Similarly to accessing field values, we can change them by the dot notation or the setproperty! function.

julia> mr.width = 1.5
1.5

julia> setproperty!(mr, :height, 2.5)
2.5

julia> mr
MutableRectangle([1.0, 2.0], 1.5, 2.5)

Type unions:

The area function defined earlier will only work for Rectangle but not for MutableRectangle types. To define it for both types, we need type unions. The Union keyword creates a supertype of its inputs.

julia> const AbstractRectangle = Union{Rectangle, MutableRectangle}
Union{MutableRectangle, Rectangle}

julia> Rectangle <: AbstractRectangle
true

julia> MutableRectangle <: AbstractRectangle
true

We now create the perimeter(r::AbstractRectangle) function. Since we specify that its input is an AbstractRectangle, it will work for both mutable MutableRectangle and immutable Rectangle types.

julia> perimeter(r::AbstractRectangle) = 2*(r.width + r.height)
perimeter (generic function with 1 method)

julia> perimeter(r)
14

julia> perimeter(mr)
8.0

Parametric types

An important and powerful feature of the Julia type system is that it is parametric. Types can take parameters, and type declarations introduce a whole family of new types (one for each possible combination of parameter values). Parametric (abstract) types can be defined as follows:

abstract type AbstractPoint{T} end

struct Point{T <: Real} <: AbstractPoint{T}
    x::T
    y::T
end

The example above defines a parametric abstract type AbstractPoint and its parametric subtype Point. The declaration of the concrete type Point{T <: Real} has two fields of type T, where T can be any subtype of Real. This definition ensures that both fields are always of the same type. Note that Point{Float64} is a concrete type equivalent to replacing T in the definition of Point by Float64.

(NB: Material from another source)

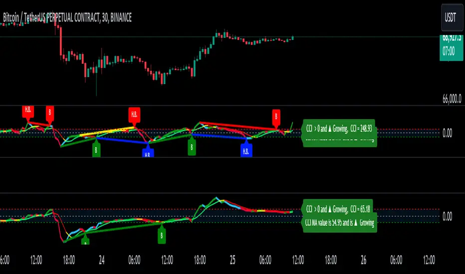 The CCI Moving average and the CCI signal are both color coded as follow:
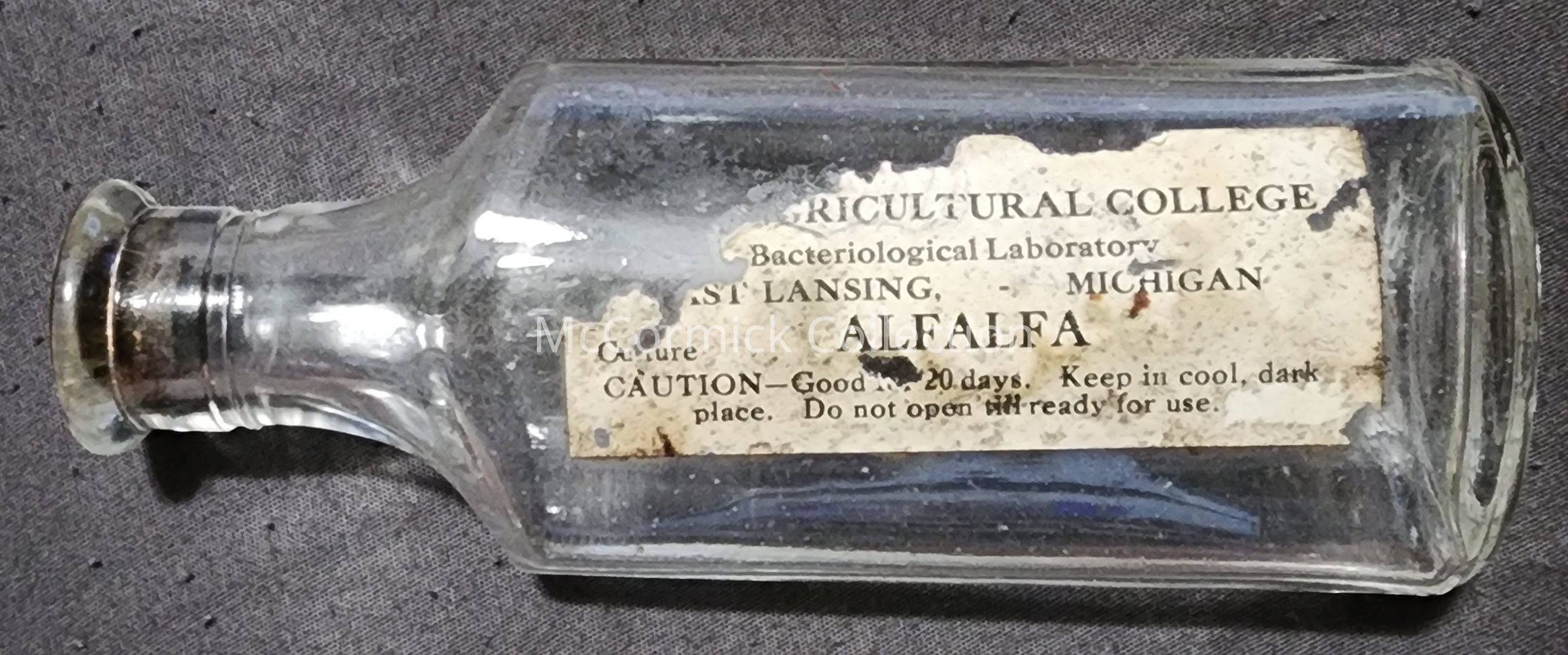 Small glass bottle from Michigan Agricultural College Biological Laboratory with a worn label for Alfalfa. Cork intact.

julia> isconcretetype(Point{Float64})
true

This single declaration declares a concrete type for each type T that is a subtype of Real. The Point type itself is also a valid type object, containing all instances Point{Float64}, Point{Int64}, etc., as subtypes.

julia> Point{Float64} <: Point <: AbstractPoint
true

julia> Point{Int64} <: Point <: AbstractPoint
true

Concrete Point types with different T values are never subtypes of each other. Even though Float64 is a subtype of Real, Point{Float64} is not a subtype of Point{Real}.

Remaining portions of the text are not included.